Ruanda'nın tüm nüfusu sıtma riski altındadır . İletim olan mesoendemic (normal mevsimsel iletim için) ova ve eğilimli salgın olarak yüksek platoları ve tepeler . Endemik bölgelerde, sıtma iletimi, Mayıs-Haziran ve Kasım-Aralık aylarında mevsimsel zirvelerle yıl boyunca gerçekleşir.

Ruanda, 2005'ten 2012'ye kadar sıtmaya karşı mücadelede kayda değer bir ilerleme kaydetti ve bu süre zarfında sıtma vakalarında yüzde 86 ve sıtma ölümlerinde yüzde 74'lük bir azalma oldu. Bununla birlikte, 2012 ve 2016 yılları arasında Ruanda, bildirilen sıtma vakalarında 8 kattan biraz fazla bir artış gördü.
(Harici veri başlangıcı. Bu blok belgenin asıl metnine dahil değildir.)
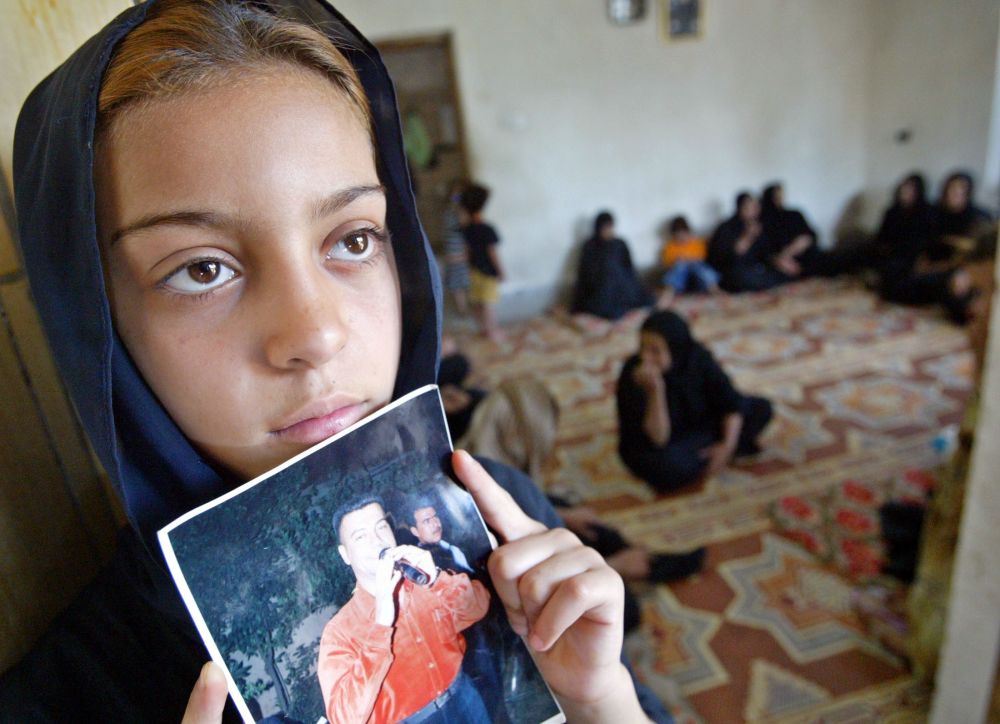 2004年5月25日,在伊拉克首都巴格达,一名女孩手持父亲的照片参加悼念仪式。她父亲在美军袭击中身亡。(新华社发)
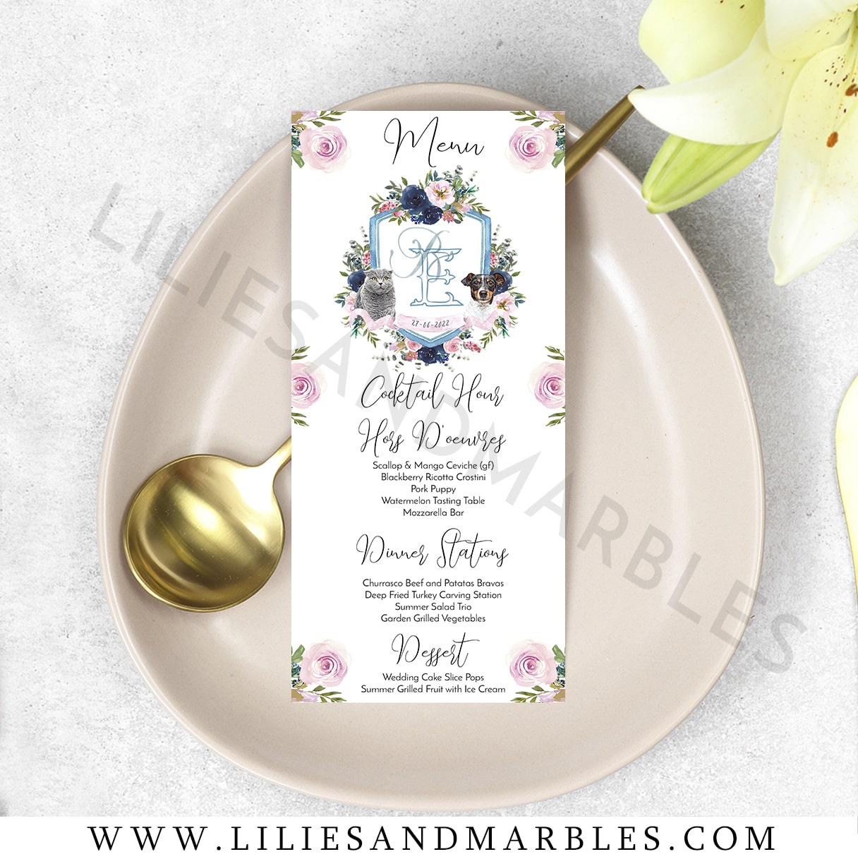 Purchase the product and choose the option you like. We will send over a questionnaire to get to know you better which will help us create a custom piece for you. In this wedding menu we offer your wording with a custom wedding crest and matching flower border.
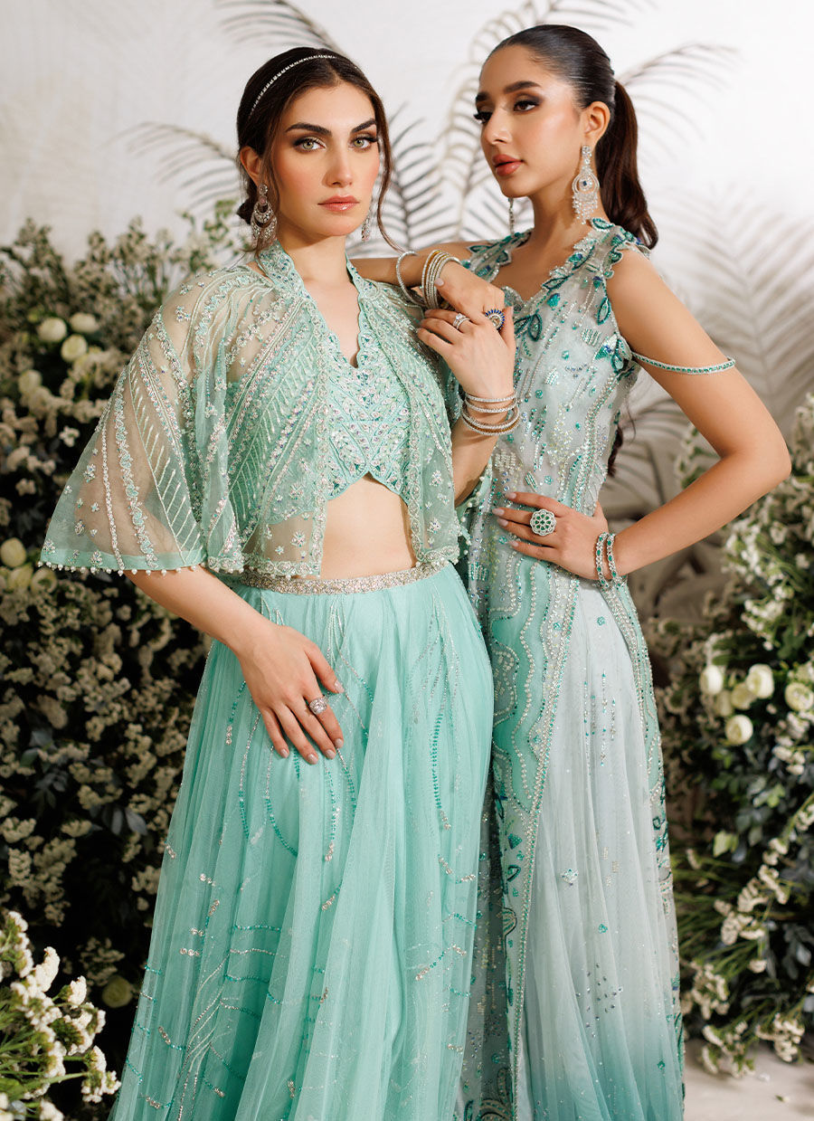 Color: Pale Mint Fabric: Organza Work Details: Hand Embellished

Artış ülke genelinde gözlendi, ancak en fazla Doğu ve Güney illerinde görüldü . Sıtma vakaları çarpıcı biçimde artmasına rağmen, ciddi vakalarda ve ölümlerde yalnızca küçük artışlar kaydedildi ve vaka ölüm oranlarındaki önemli düşüşler, güçlü sıtma vaka yönetimine işaret ediyor.

Faktörlerin karmaşık etkileşimini anlamak için daha fazla analize ihtiyaç duyulmasına rağmen, Ruanda Sağlık Bakanlığı'nın Sıtma ve Diğer Parazit Hastalıkları Bölümü, sıtma vakalarındaki artışı kısmen sağlık hizmetlerine erişimin artması, etkili cibinliklerle yetersiz kapsama alanı , tarımsal çevre değişiklikleri, sivrisineklere bağlamaktadır. direnç ile piretroid böcek ve açık ısırma doğru sivrisinek davranışında değişiklik. Bölge genelinde artan sıtma vakaları ile insanların sınır ötesi hareketi de bulaşmaya katkıda bulunabilir.

Tüberküloz

Laserson ve Wells tarafından açıklanan altı noktalı Tüberkülozu Durdurma (TB) stratejisinde Doğrudan Gözetimli Tedavi Kısa Kursunun (DOTS) genişletilmesi ve geliştirilmesi, Ruanda'da sağlık bakanlığının cüzzam ve tüberkülozla mücadeleye yönelik entegre programı tarafından 1990'dan beri uygulanmaktadır. tedavi başarı oranları %58'den (2003) 2006 sonunda %81'e yükseldi. 2005'te TB için vaka tespit yüzdesi %24 idi ve bu vaka tespit hedefinin altındaydı.

Su ve sanitasyon

1990'dan 2012'ye kadar, içme suyu kapsama alanında %59'dan %67'ye bir iyileşme kaydedildi ve yüzey suyu kullanımı %25'ten %11'e düşürüldü. 1990'dan 2012'ye kadar sanitasyon kapsamında da bir iyileşme oldu. Bu %30'dan %64'e çıktı. İyileştirilmemiş sıhhi tesisler %59'dan %23'e düşerken, açık dışkılama %7'den %3'e düşürüldü.